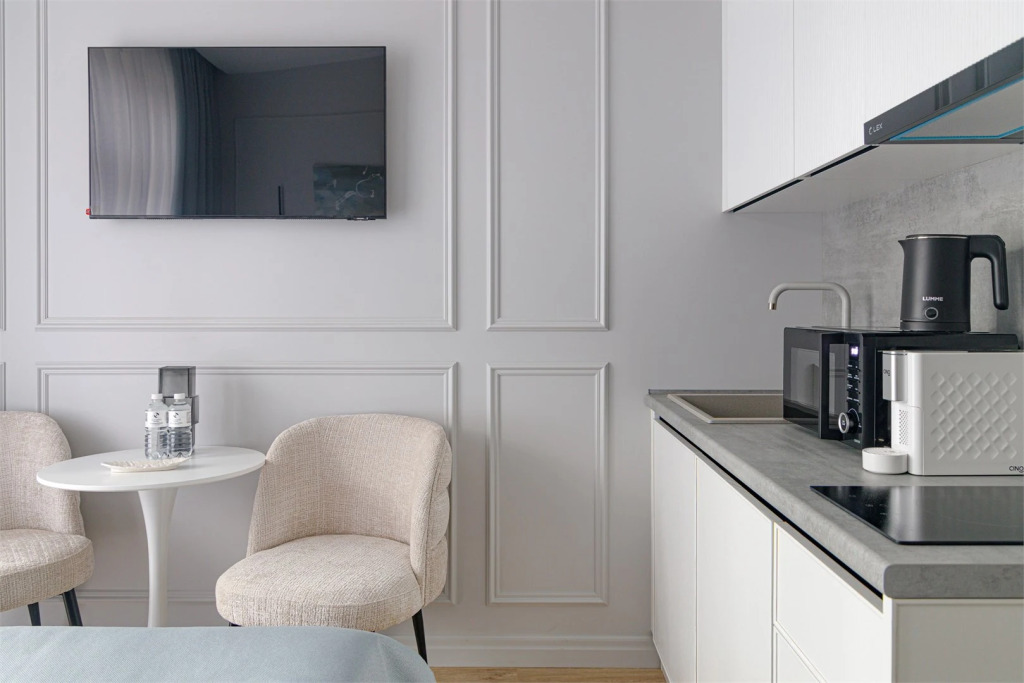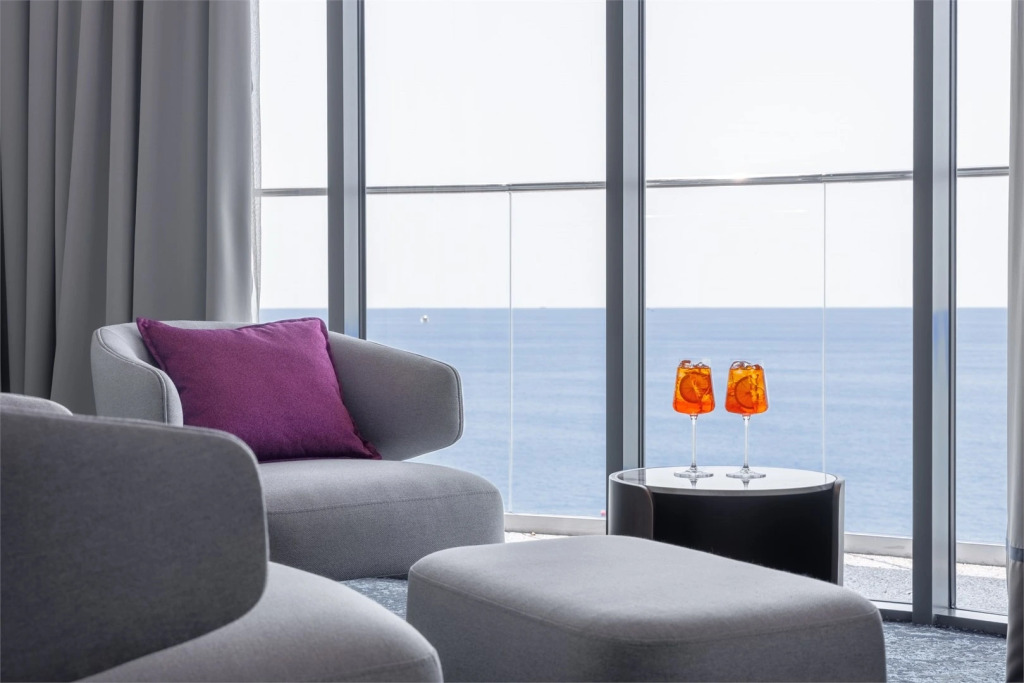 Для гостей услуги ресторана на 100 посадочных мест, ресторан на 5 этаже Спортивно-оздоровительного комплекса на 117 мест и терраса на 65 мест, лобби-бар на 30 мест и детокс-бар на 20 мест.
* * *
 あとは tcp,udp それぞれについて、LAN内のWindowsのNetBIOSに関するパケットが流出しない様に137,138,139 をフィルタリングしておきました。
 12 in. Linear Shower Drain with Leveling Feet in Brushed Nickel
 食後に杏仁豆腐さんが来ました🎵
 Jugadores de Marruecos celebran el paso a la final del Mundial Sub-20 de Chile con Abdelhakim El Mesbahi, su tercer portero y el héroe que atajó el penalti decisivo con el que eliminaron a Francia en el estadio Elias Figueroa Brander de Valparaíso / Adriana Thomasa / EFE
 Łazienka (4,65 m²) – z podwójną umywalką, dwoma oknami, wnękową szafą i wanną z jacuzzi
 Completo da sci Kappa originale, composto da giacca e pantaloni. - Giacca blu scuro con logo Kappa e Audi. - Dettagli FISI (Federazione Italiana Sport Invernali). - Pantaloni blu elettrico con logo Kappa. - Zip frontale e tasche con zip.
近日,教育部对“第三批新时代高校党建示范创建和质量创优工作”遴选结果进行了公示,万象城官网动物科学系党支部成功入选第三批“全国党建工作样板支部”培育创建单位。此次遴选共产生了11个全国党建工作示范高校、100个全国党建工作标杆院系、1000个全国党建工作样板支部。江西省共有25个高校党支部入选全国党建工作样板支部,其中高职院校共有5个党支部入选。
---
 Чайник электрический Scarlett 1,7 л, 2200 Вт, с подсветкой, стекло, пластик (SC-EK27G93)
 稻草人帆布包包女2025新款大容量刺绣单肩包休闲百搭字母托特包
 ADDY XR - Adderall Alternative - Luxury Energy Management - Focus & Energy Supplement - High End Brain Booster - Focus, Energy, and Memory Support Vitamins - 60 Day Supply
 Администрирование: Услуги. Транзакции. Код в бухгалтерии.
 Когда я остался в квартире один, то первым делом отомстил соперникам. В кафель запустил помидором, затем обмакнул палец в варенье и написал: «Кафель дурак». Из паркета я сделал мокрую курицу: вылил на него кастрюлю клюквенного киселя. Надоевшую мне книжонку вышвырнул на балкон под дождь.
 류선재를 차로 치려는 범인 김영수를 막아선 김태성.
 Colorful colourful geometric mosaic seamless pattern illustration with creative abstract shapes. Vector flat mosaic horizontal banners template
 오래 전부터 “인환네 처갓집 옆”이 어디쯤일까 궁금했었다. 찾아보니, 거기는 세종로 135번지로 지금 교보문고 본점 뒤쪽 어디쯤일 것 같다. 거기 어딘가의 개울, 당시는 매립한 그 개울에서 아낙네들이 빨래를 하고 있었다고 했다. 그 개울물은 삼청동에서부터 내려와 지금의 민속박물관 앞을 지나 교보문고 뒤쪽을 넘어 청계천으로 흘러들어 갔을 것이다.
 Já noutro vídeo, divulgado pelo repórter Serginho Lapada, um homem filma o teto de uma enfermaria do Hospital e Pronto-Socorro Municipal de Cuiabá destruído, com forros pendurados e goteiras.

**What you are asked to do:**
Your answer must be a single number: the count of lines in the records that include "with".

**Answer space:**
2